What Mexican columnists had to say…

A salient topic in Mexican opinion pieces this week was Enrique Peña Nieto’s telecommunications reform. The project, which aims to create 3 new television networks, prompted meetings between the leaders of the PRD, PAN and PRI to work out the details of the reform’s presentation. Despite the hype, however, legislators and concessionaries have been excluded from the negotiations, and few people seem to know anything about the initiative. An important question underlying the discussions is how Mexico’s most powerful television networks, Televisa and TV Azteca, will react towards the project. After all, Peña Nieto was associated with Televisa throughout his campaign, and a telecommunications reform may end up transforming him from being the media’s puppet to being its puppeteer.

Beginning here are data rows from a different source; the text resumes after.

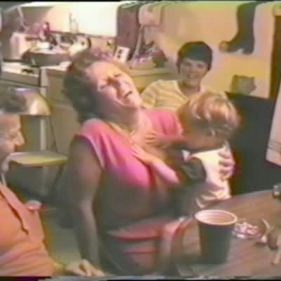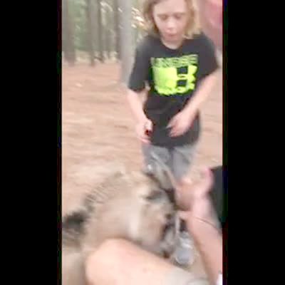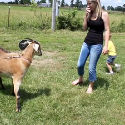 A young boy pets a goat outside as a woman says, "Pet her some more. She's nice, see?" As he pets her some more, the goat headbutts her.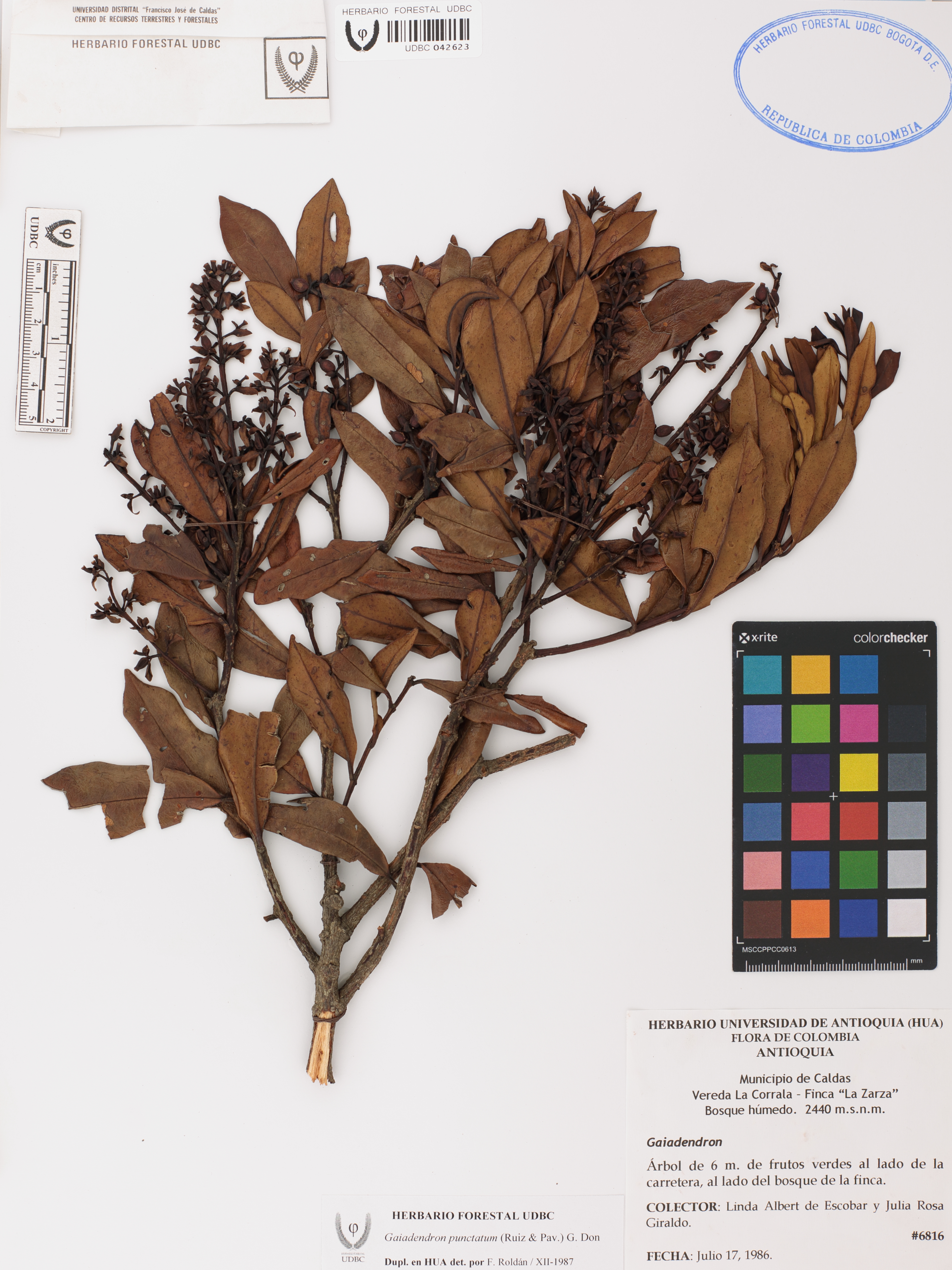 Fotografía del ejemplar Albert de Escobar, L. 6816, determinado como Gaiadendron punctatum en el año 1987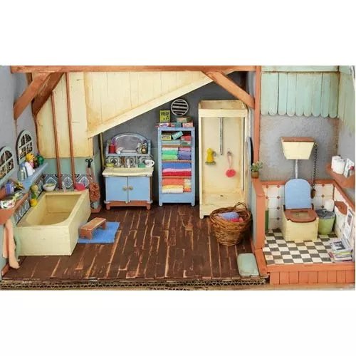 Deze knutselset bevat vier bouwplaten voor in totaal acht poppenbadkamer meubeltjes. De onderdelen van de poppenmeubels moeten uit de houten plaat gedrukt worden en kunnen vervolgens in elkaar gezet worden. Inclusief schuurpapiertje.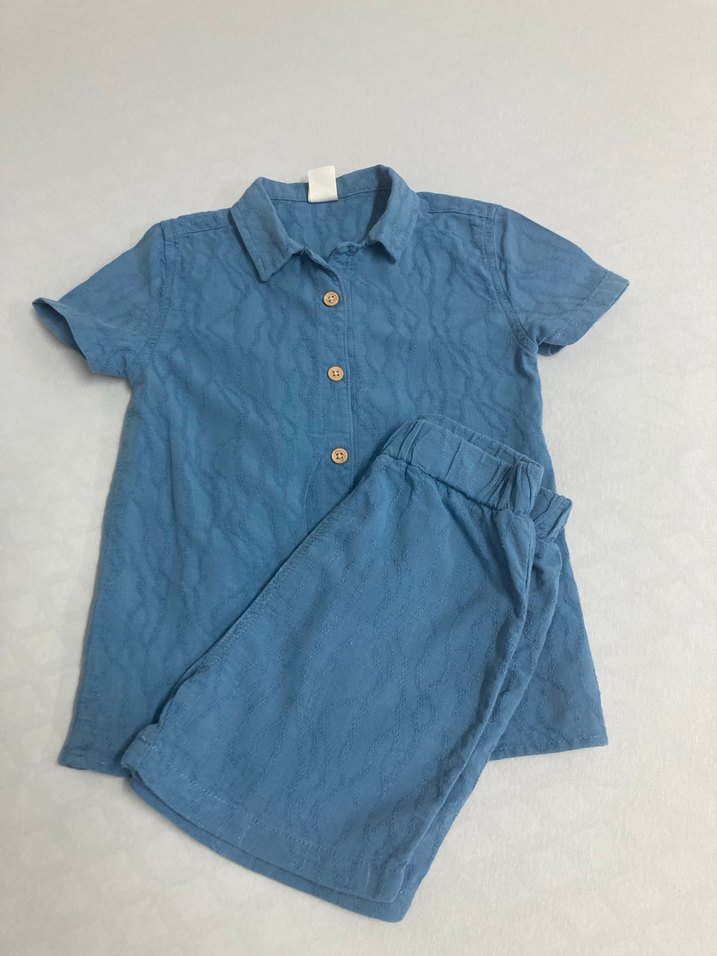 Pastel mavi renkte, keten kumaştan kısa kollu ve yaka detaylı erkek bebek takımı. Düğmeli gömlek ve şorttan oluşur, sokak stiline uygundur.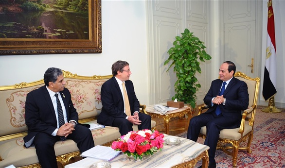 اِلتقى الرئيس عبد الفتاح السيسي، اليوم الأربعاء، بأخيم شتاينر، وكيل أمين عام الأم المتحدة والمدير التنفيذي لبرنامج الأمم المتحدة للبيئة، بحضور الدكتور خالد فهمي، وزير البيئة.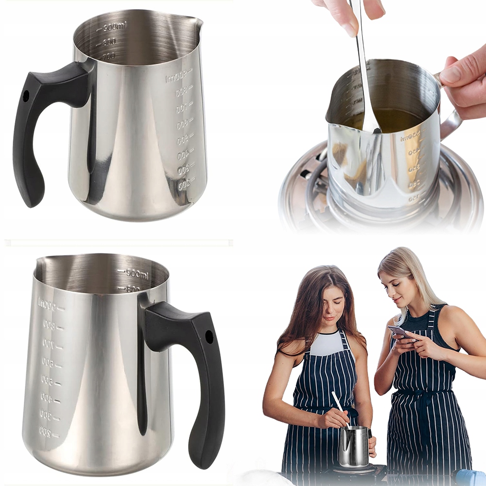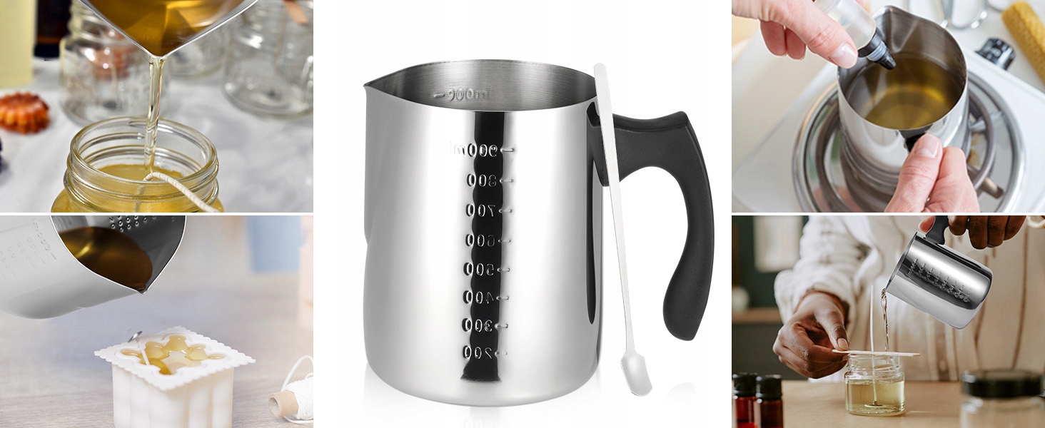 КОНТЕЙНЕР ДЛЯ ВОСКОПЛАВЛЕННЯ, ТІГЛЬ ДЛЯ ПРОФЕСІЙНИХ СВІЧОК, 900 МЛ З ГРАДУЄЮ + ЛОЖКА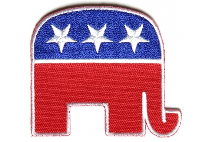 Republican Elephant Patch measures 3x2.7 inches and is Embroidered in Red / White / Blue. The Small Patch can be sewn on or ironed on to clothing such as Denim or Leather Jackets, Vests, Hats, Back Packs, Shirts. Features plastic backing and embroidered die cut borders.

Controversy surrounding Peña Nieto’s security reform continues following reports that corruption had penetrated local police forces. His plan to control violence through crime-prevention strategies seems to contradict the mobilization by various community police groups throughout the country. While Guerrero’s governor, Ángel Aguirre Rivero and the coordinator of the PRI deputies, Manlio Fabio Beltrones expressed their willingness to discuss a legal solution to the issue of community policing, it is important to take into account that this mobilization is the result of a lack of state-provided security. Hence, in order to solve the security issue, it is important to look at the small details—such as closing the inequality gap—before Peña Nieto’s administration faces a much more complex problem.